Sunday, 16 March 2025

Loss of First-mover Advantage

 

Loss of First-mover Advantage 16Mar2025
 

 

 
(This is for information purposes only. This should not be construed as a recommendation or investment advice even though the author is a CFA Charterholder. Please consult your financial adviser before taking any investment decision. Safe to assume the author has a vested interest in stocks / investments discussed if any.)
 
  

 
There are no guarantees in markets and the corporate world. Only a handful of companies can withstand the onslaught of technology disruption. There are several instances where companies have lost their first-mover advantage:

Adam Osborne invented the first laptop computer, but failed ultimately to exploit it.

AltaVista search engine (launched by DEC in 1995) and Yahoo had lost ground to Google search engine in the end.

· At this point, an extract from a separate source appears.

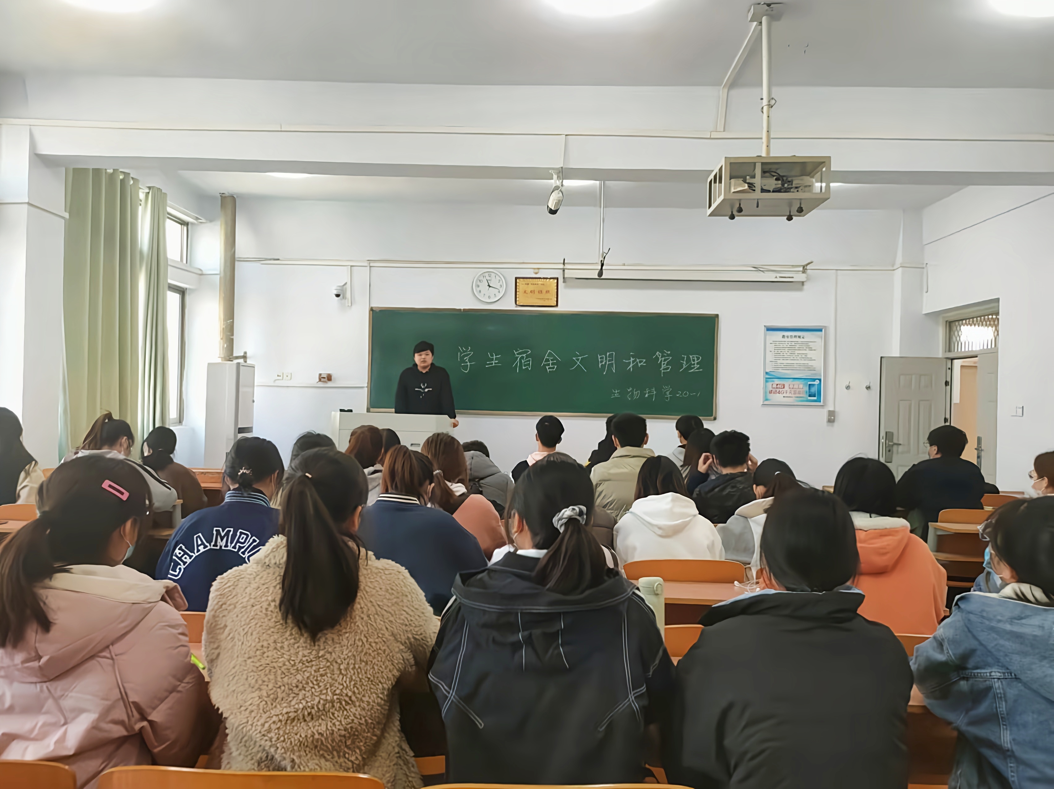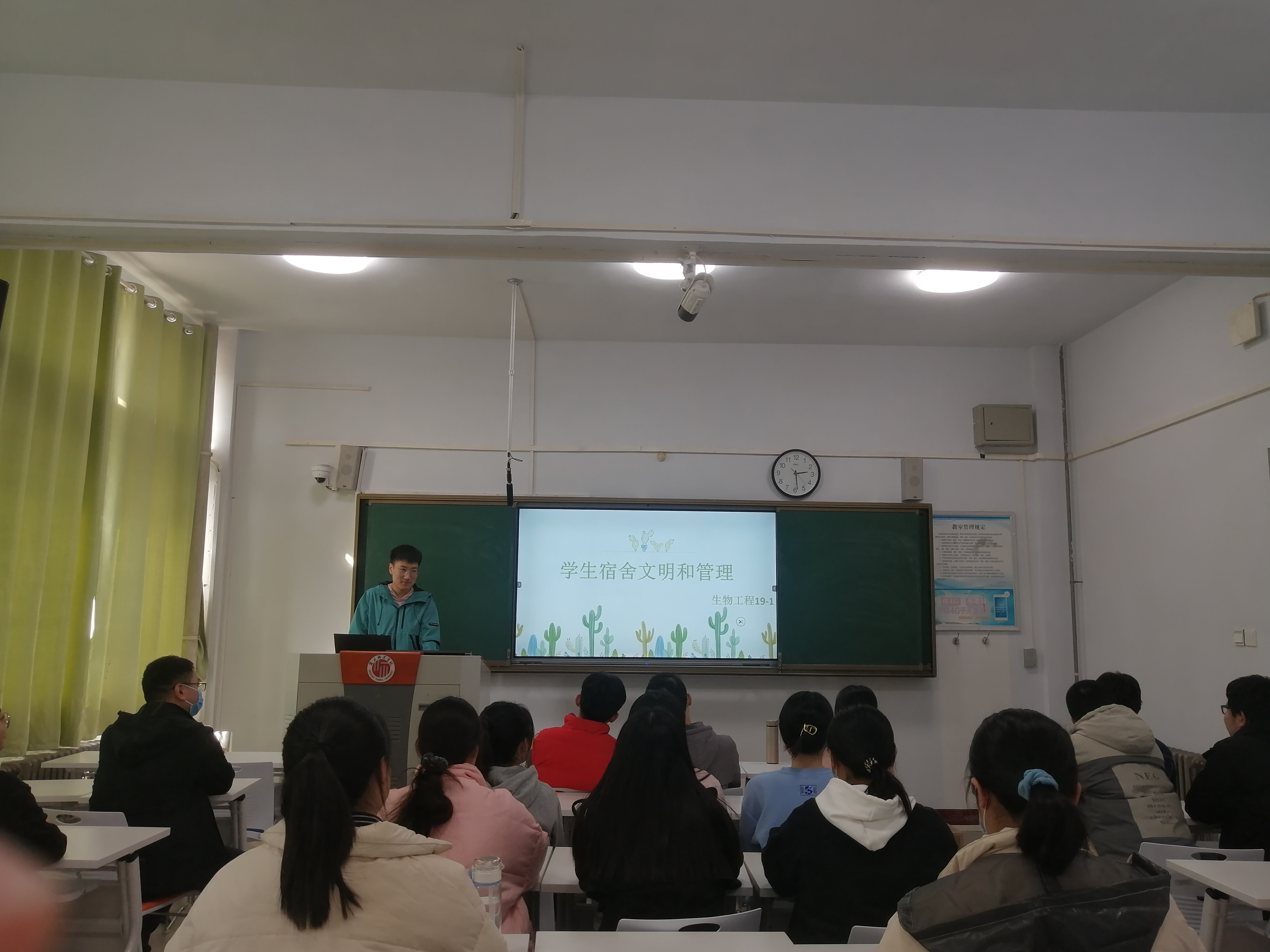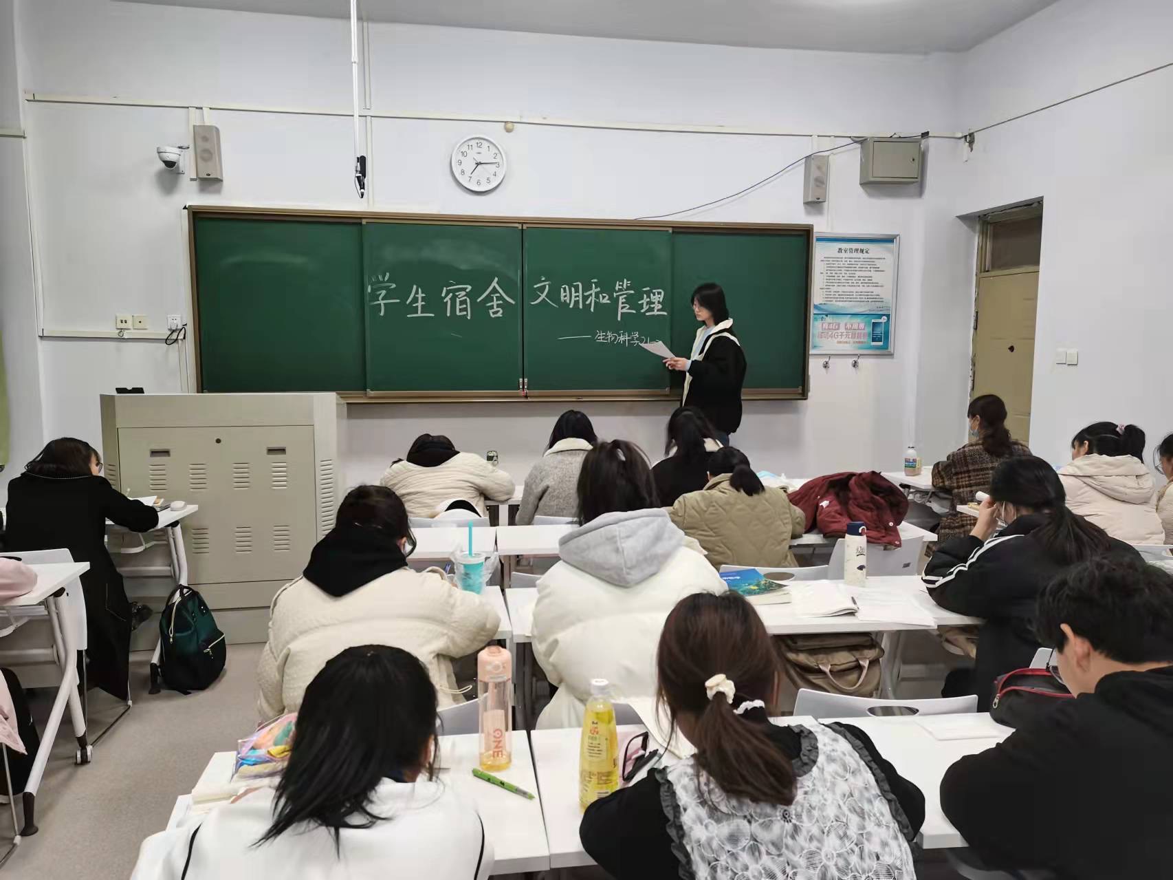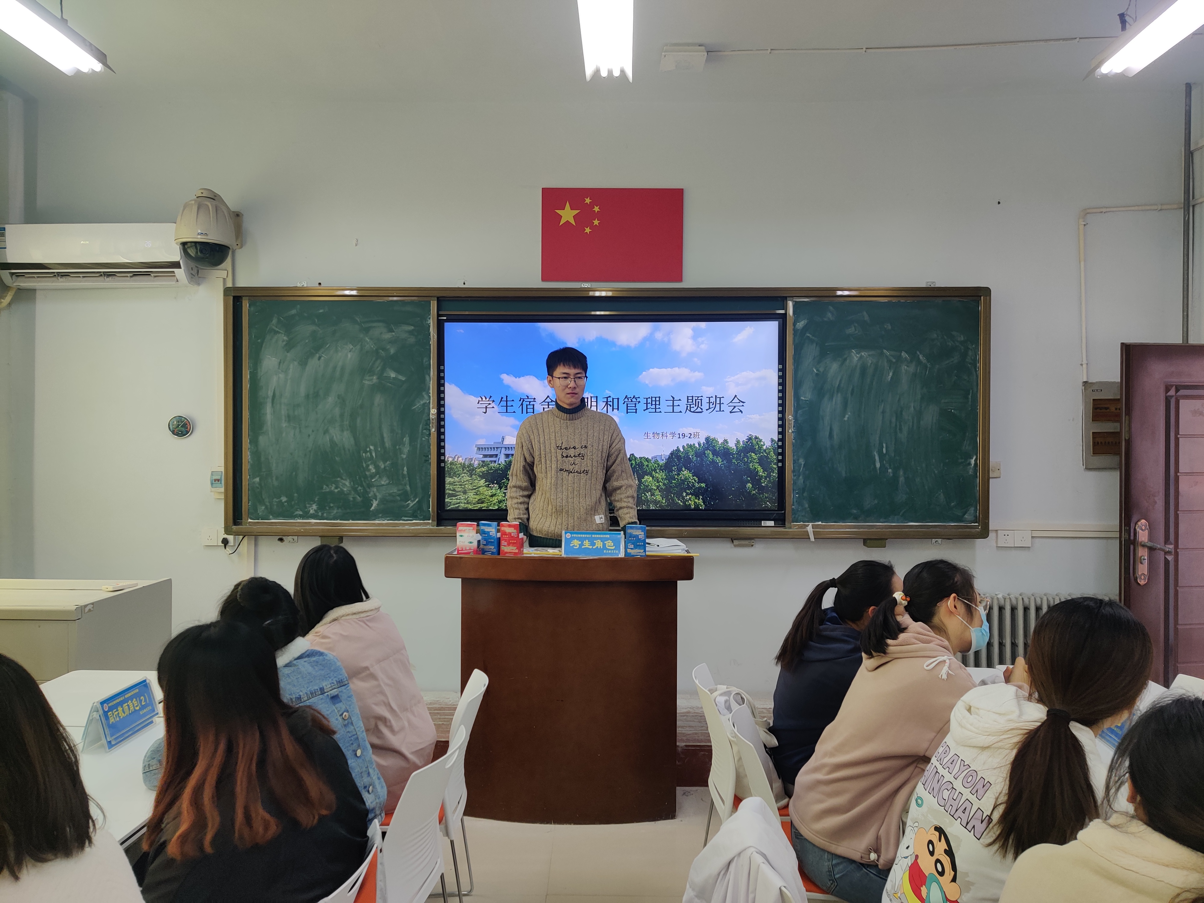 最后,各班班长就已发现的宿舍卫生和宿舍安全问题提出了解决方法,并再次强调宿舍卫生和宿舍安全的重要性和必要性。班会接近尾声,各班班长号召同学们行动起来,积极投身于建设文明安全宿舍,同学们也纷纷表示会为共建文明安全宿舍贡献出自己的一份力量。

MySpace lost to Facebook in social media. 
 
Most of you are familiar with how eBay lost to Amazon Inc in the e-commerce space.  eBay could not withstand the Amazon's aggressive expansion. While eBay focused on sellers, Amazon did a paradigm shift with focus on ultimate buyers.
 
Last-mover advantage
 
In his 2014 book 'Zero to One: Notes on startups, or how to build the future,' Peter Thiel wrote: "Microsoft in 2002 and Nokia in 2006 released their tablets -- but they failed to click in the market because they were hard to use. But Apple released its iPad in 2010, with huge improvements in design and ease, and it became a big success. Apple enjoyed benefits as a lost mover."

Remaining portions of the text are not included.